▶ Task prompt
The task for the listing below is to write out exactly the lines starting at the one containing "16일 코스피 지수는" and ending at the one containing "Peak comfort. With", both included. Pictures are to be omitted.

▶ Data to examine
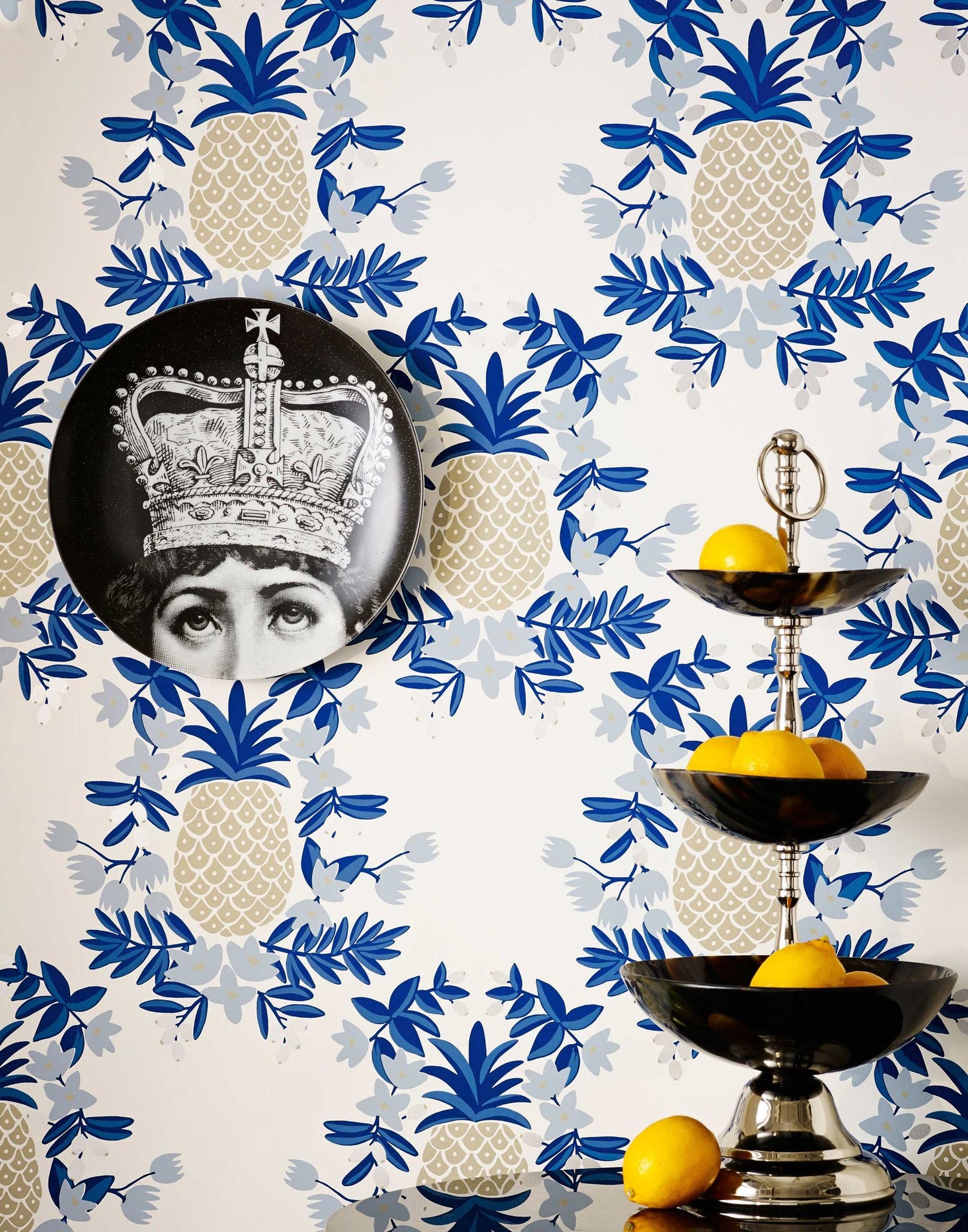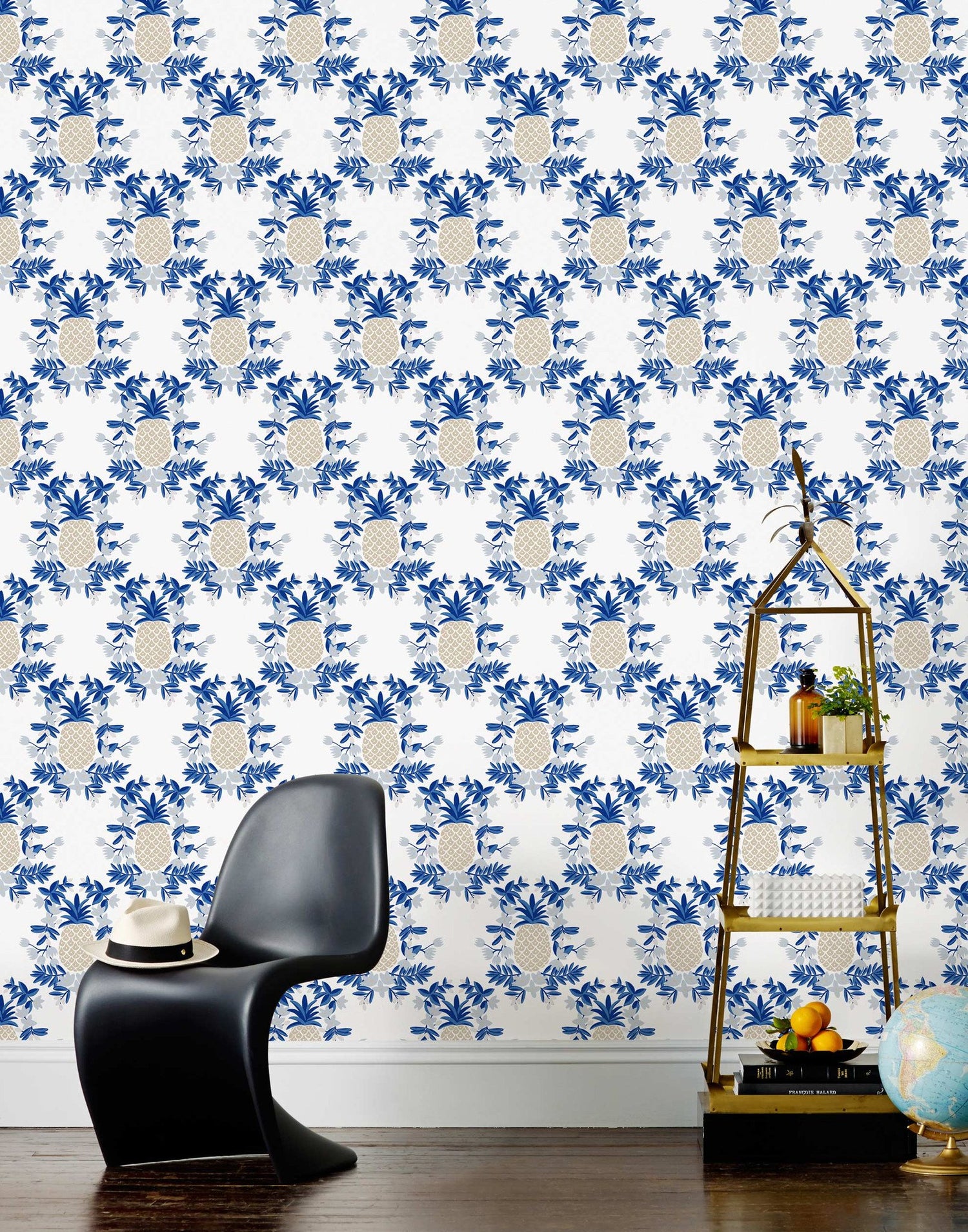 Pineapples symbolize friendly hospitality and a warm welcome to guests. Tradition takes on a modern twist with this formal grid pattern and Rifle Paper Co.'s signature florals. Available in five unique colorways with muted, metallic touches that shift in the light.
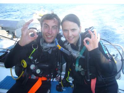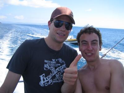 An Bord wurden wir dann erstmal von Duncan und Ono den beiden Dive Instructors in die Kunst des tauchen eingefuehrt.
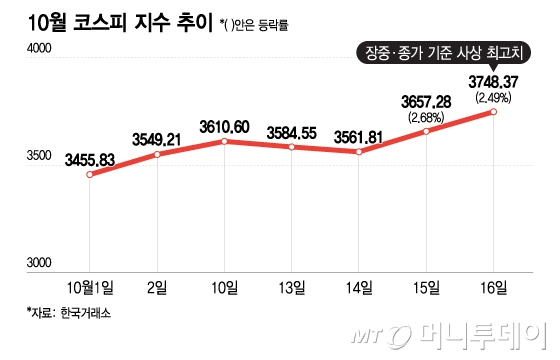 16일 코스피 지수는 전일 대비 91.09포인트(2.49%) 오른 3748.37에 마감했다. 외국인과 기관이 각각 6591억원어치, 7428억원어치를 순매수하며 지수 상승을 이끌었다. 개인은 1조3949억원어치를 순매도하며 대거 차익 실현에 나섰다.
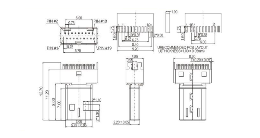 HDMI D TYPE MALE STRADDLE MOUNT TYPE(夾板1.0mm)
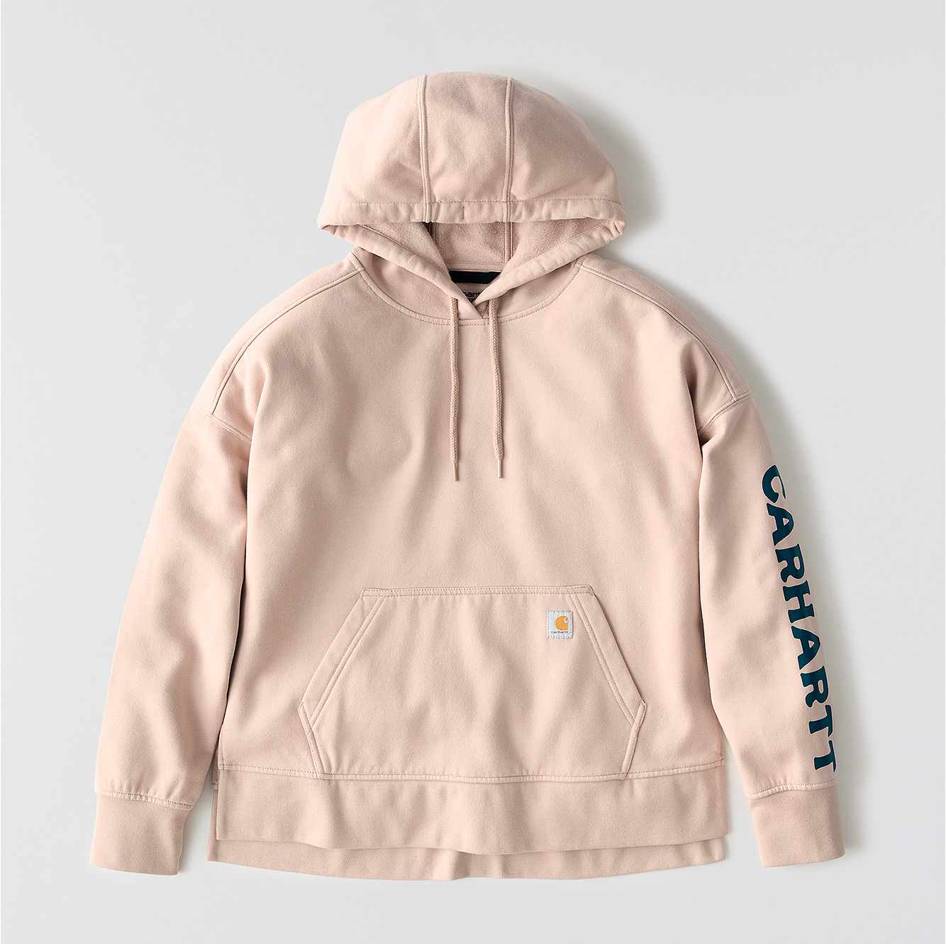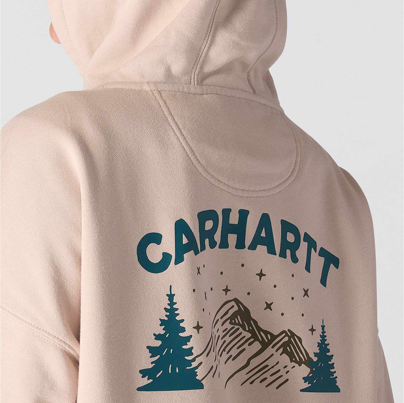 Peak comfort. With mountain graphics on back, this women's hooded sweatshirt pays tribute to fresh air and stunning views. It's built with a midweight cotton blend and oversize cut that feels cozy on the job or off.
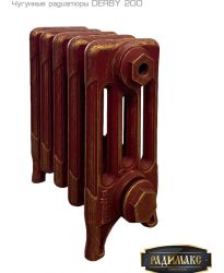 Модель «DERBY 200-9» может быть выполнена как в напольном, так и настенном варианте. Радиатор для напольной установки производится с литыми ножками. Прибор в настенном исполнении крепится на стену с помощью специальных кронштейнов (приобретаются дополнительно).

▶ Worked solution
 16일 코스피 지수는 전일 대비 91.09포인트(2.49%) 오른 3748.37에 마감했다. 외국인과 기관이 각각 6591억원어치, 7428억원어치를 순매수하며 지수 상승을 이끌었다. 개인은 1조3949억원어치를 순매도하며 대거 차익 실현에 나섰다.
 HDMI D TYPE MALE STRADDLE MOUNT TYPE(夾板1.0mm)
 Peak comfort. With mountain graphics on back, this women's hooded sweatshirt pays tribute to fresh air and stunning views. It's built with a midweight cotton blend and oversize cut that feels cozy on the job or off.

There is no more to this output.